HOW TO COMPLETE THIS TASK: Every line of the listing must be reproduced as it stands. Leave the images behind.

INPUT DATA:
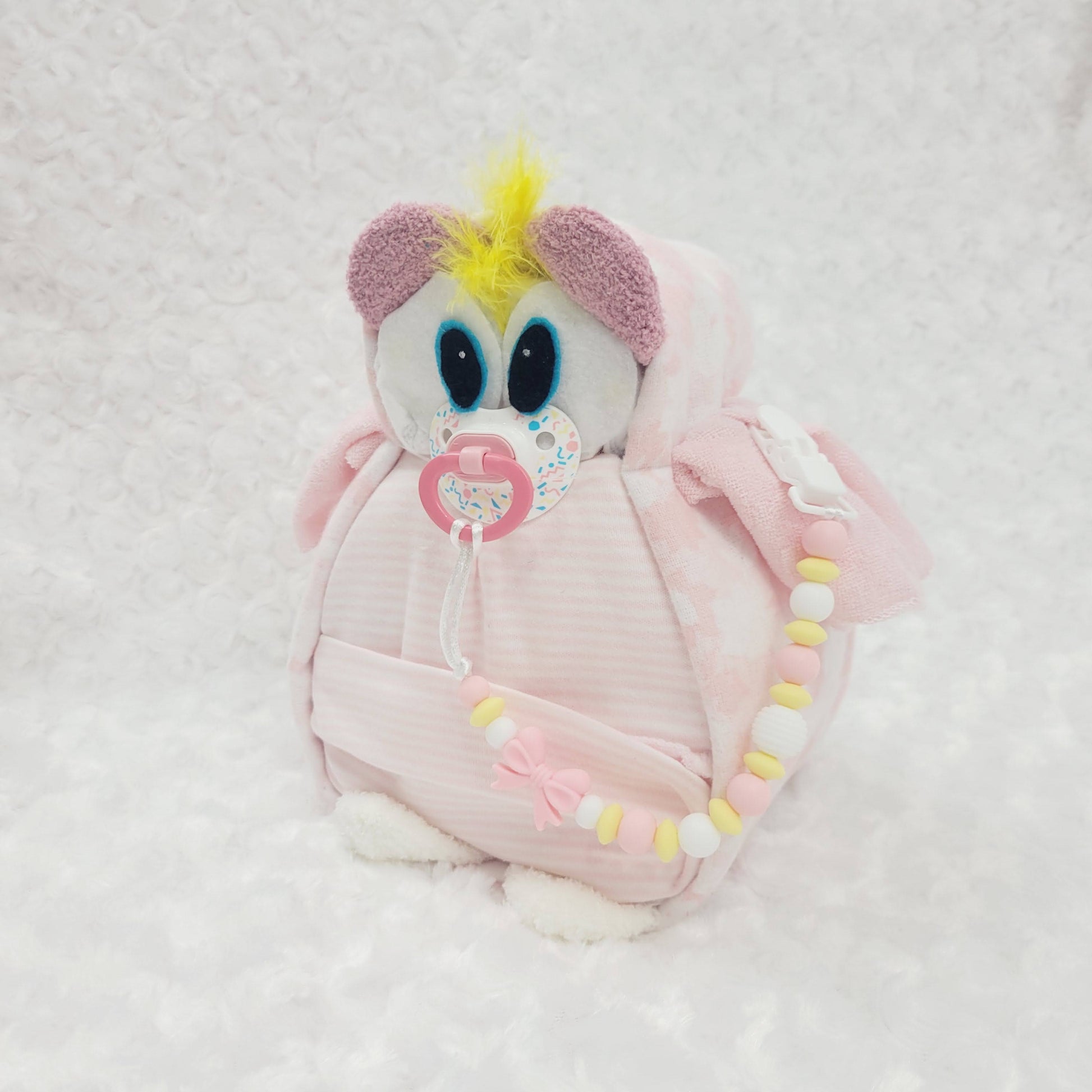 Baluchon de couche en forme de hibou parfait pour donner à un shower de bébé.
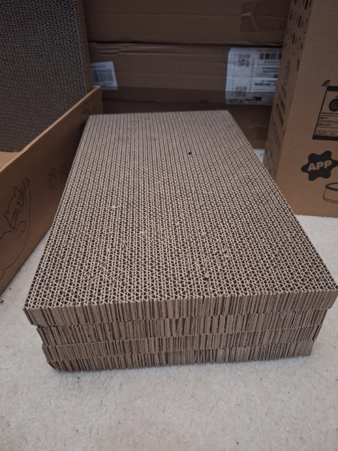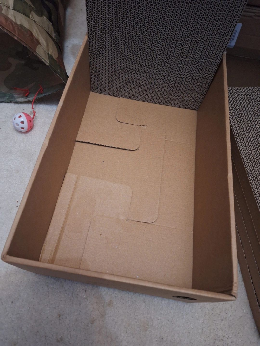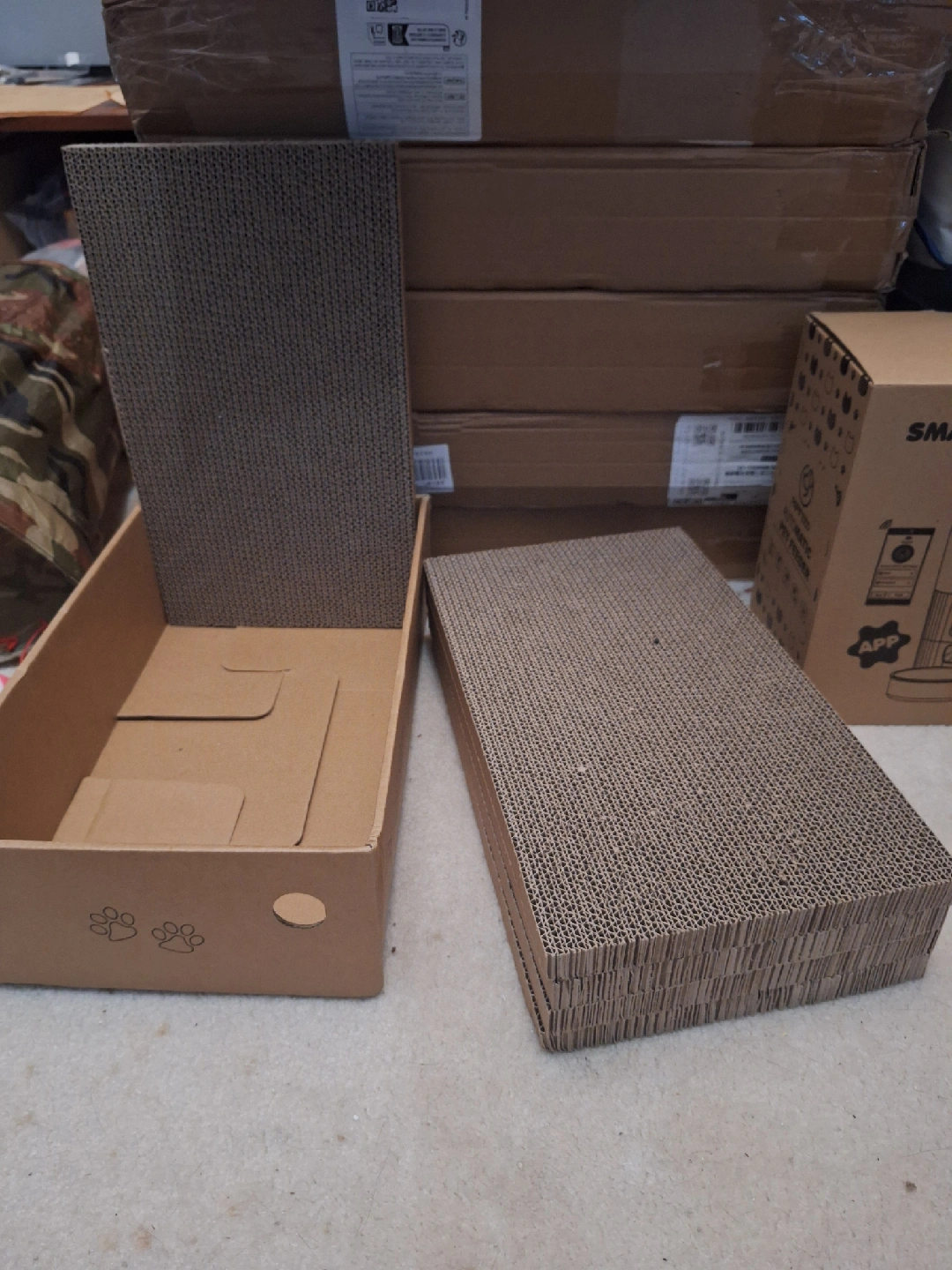 Selling 5 separate scratching pads and a sturdy box to put them in. They're in great condition and ready to make some cats really happy! These scratching pads and box provide a fun and engaging way for your cat to scratch and play. They feature a sturdy cardboard construction and stack nicely on top and inside of the other. $5 each pad or the box π¦ $25 for all of it
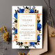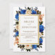Convites Casamento Elegante Floral de Cor Azul Cobalto

SOLUTION:
 Baluchon de couche en forme de hibou parfait pour donner à un shower de bébé.
 Selling 5 separate scratching pads and a sturdy box to put them in. They're in great condition and ready to make some cats really happy! These scratching pads and box provide a fun and engaging way for your cat to scratch and play. They feature a sturdy cardboard construction and stack nicely on top and inside of the other. $5 each pad or the box π¦ $25 for all of it
Convites Casamento Elegante Floral de Cor Azul Cobalto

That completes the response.